Talia Swiney was chosen as a Kenan Fellow, and has spent her past two summers shadowing hospital employees in an effort to identify practical, real-world applications of mathematics that she can carry back to her students when the school year begins.
“Being a Kenan Fellow gives teachers the opportunity to be immersed in the workforce, industries and universities so that we can gain experience that we can then share with our students,” said Swiney. “We learn different ways to apply the subjects we teach, and pass that on to our students.”
Nominated by Ellerbe Middle School Principal Melvin Ingram, Swiney, an eighth grade math teacher, has taken on the challenge and devoted her summers to learning.
“I spend time learning about the labs, facilities management and financial aspects at FirstHealth Richmond Memorial Hospital and Moore Regional Hospital,” said Swiney. “For obvious reasons, I can’t actually do any of the work - but I spend my days shadowing people, asking questions about what they’re doing and interviewing them about their jobs.”
One of Talia’s mentors, and President of Richmond Memorial, John Jackson, said the primary reason the hospital participates in the program is “for the kids.”

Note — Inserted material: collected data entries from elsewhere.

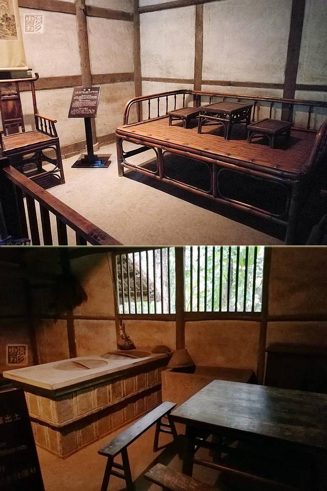 景区还仿建了一座新“茅屋”,但是做的太不走心,家具陈列都是明清风格……唐代哪来的靠椅板凳啊喂!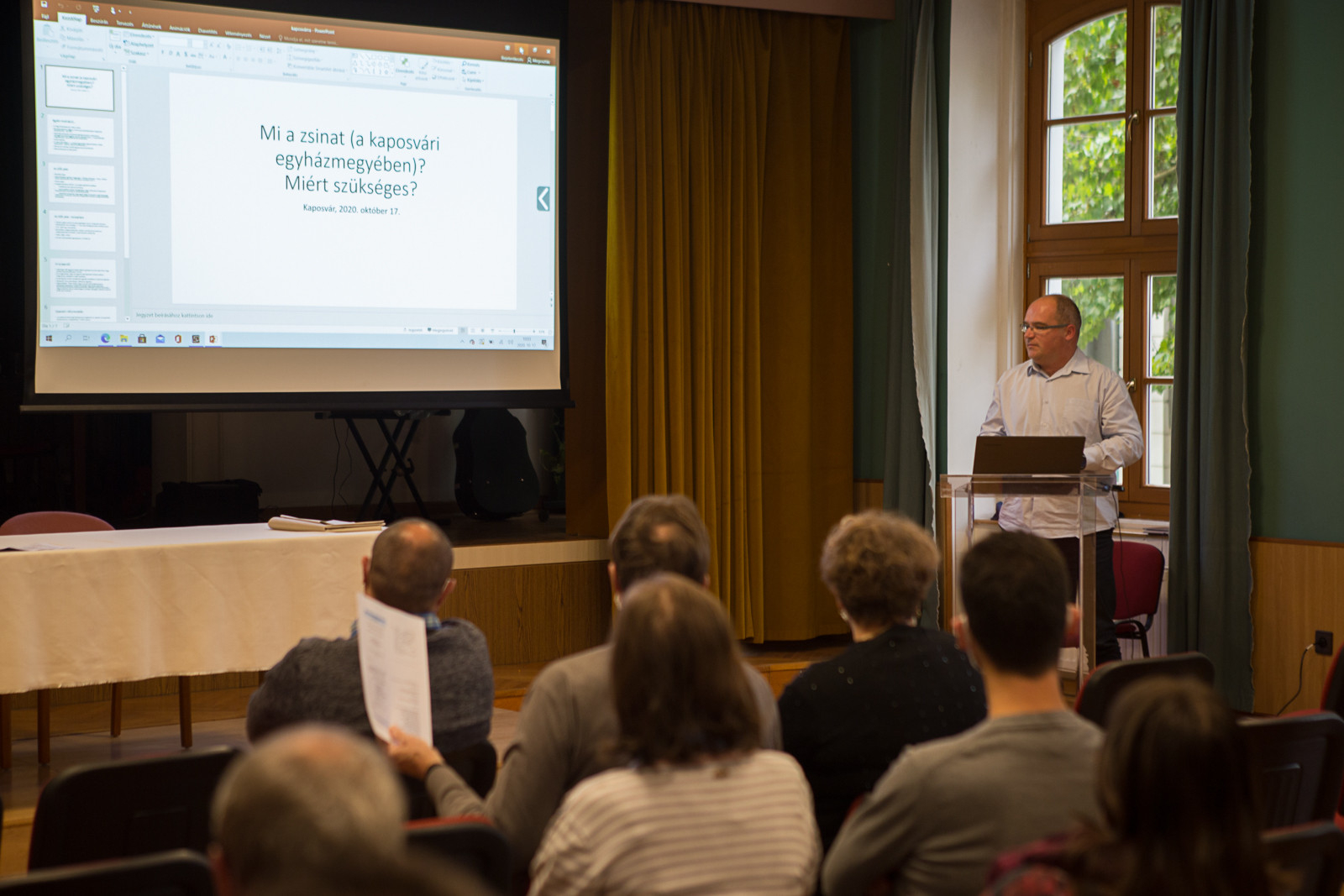Ezután Tomanek Péter püspöki irodaigazgató és Bárczi Miklós zsinati munkatárs mutatták be a zsinat hátterét és a tervezett folyamatot. Arra kérték a jelenlévőket, hogy a március végéig tartó előkészítő szakaszban lehetőleg minden plébánián és közösségben szervezzenek beszélgetést legalább 2-3 témát, területet érintve. Felajánlották, hogy amennyiben igény van rá, hívják meg ezekre az alkalmakra az érintett területek szakértőit. A tanácskozásokról készítsenek egy-egy rövid jegyzőkönyvet, és küldjék el a zsinat.kaposvar@gmail.com e-mail-címre vagy a zsinati irodába. Az így összegyűlt információk és javaslatok segítik a zsinati dokumentumok összeállítását.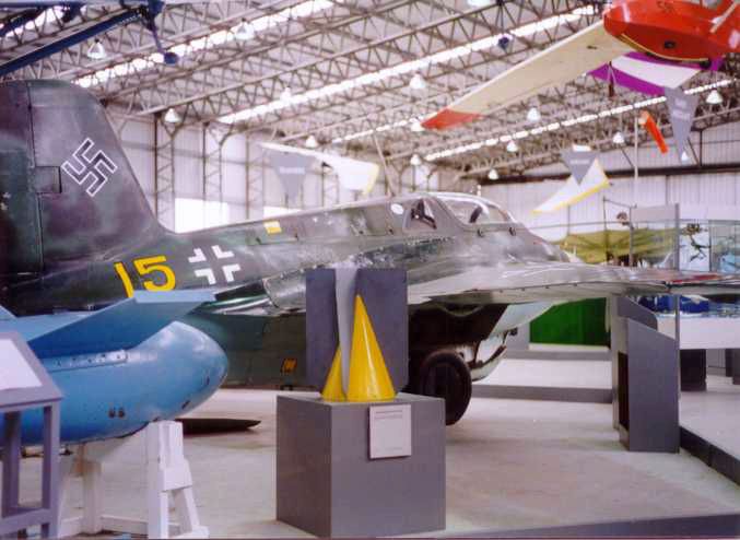 Nice view of the Komet on display in the museum. The glossness of the trailing edge wing root fillet suggests this is a replacement part. Camouflage colors appear to be purplish brown and dark green.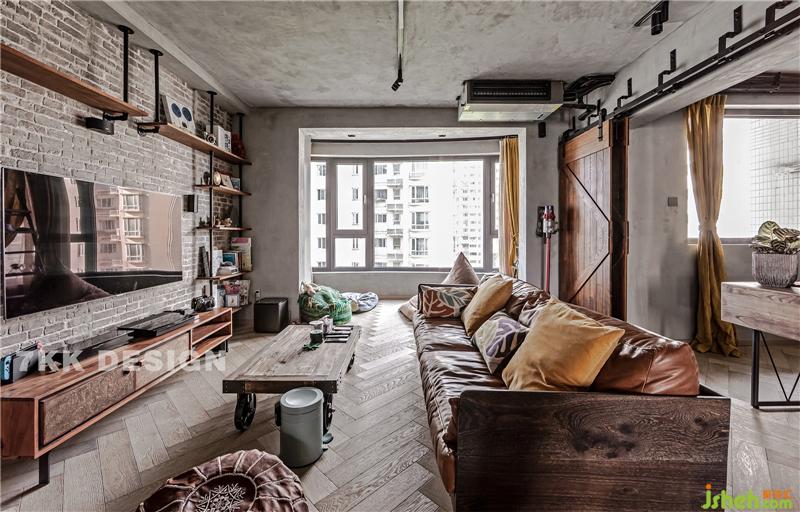 雖說工業(yè)風(fēng)在一般的應(yīng)用中給人冷的感覺,但是在本案的整體搭配上很好的利用冷暖結(jié)合,打造出粗獷而又溫潤(rùn)的空間住宅??蛷d大面積淺色系地板鋪貼,暖色系皮質(zhì)沙發(fā)搭配質(zhì)感大氣,燈具選用簡(jiǎn)易滑軌燈,炫酷時(shí)尚,木質(zhì)電視柜質(zhì)感而細(xì)膩。帶有滑輪做舊的茶幾靈活個(gè)性時(shí)尚。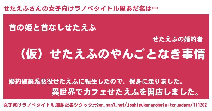 | 胡散臭い通販商品みたいなあだ名 | 『必ず成功するブレスレット…その名も「せたえふ」』 |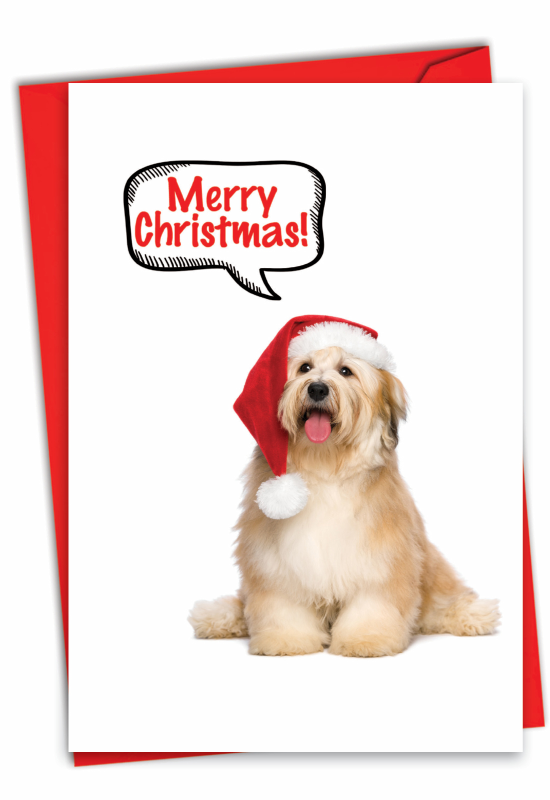 Just when you thought seasonal sentimentality couldn't get anymore warm and fuzzy … along comes this absolutely adorable, totally cute Yuletide yelper, delightful doggie card. Wearing a red and white festive Santa hat, a beguiling white and brown furred puppy is photo-captured barking out a big, cheerful, charming Noel greeting of best wishes and fine spirit. Hearts will melt, tears will flow, laughter will echo, and you'll be showered with petting praise when you gift one and all on your Holiday card list this darling dog merry and bright missive.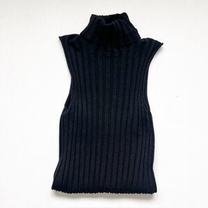 ❤️ J Crew Mockneck sweater-tank Black Ribbed Stretchy Medium wool blend office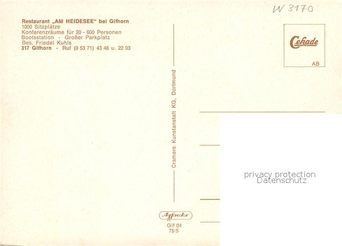 72936343 Gifhorn Restaurant Am Heidsee postalisch nicht gelaufen Erhaltung siehe scans [WerneD78] KatCode: 11110003151009

“Everyone is responsible for trying to improve our kids’ education, and this is a neat way to help do that,” said Jackson. “I was honored that we were asked to participate.”
Swiney said she wrote three lesson plans last summer, with hopes of seeing them published on LearnNC.org, so that they may be shared with teachers and students around the world.
An example of the practical applications she takes back to her students is the importance of understanding ratios, proportions and measurement conversions.
“I noticed that the professionals I worked with commented frequently that they didn’t understand why students coming out of school don’t understand the metric system,” said Swiney. “Our textbooks really focus more on standard units of measurements, but I learned through my work that the students needed more than that.”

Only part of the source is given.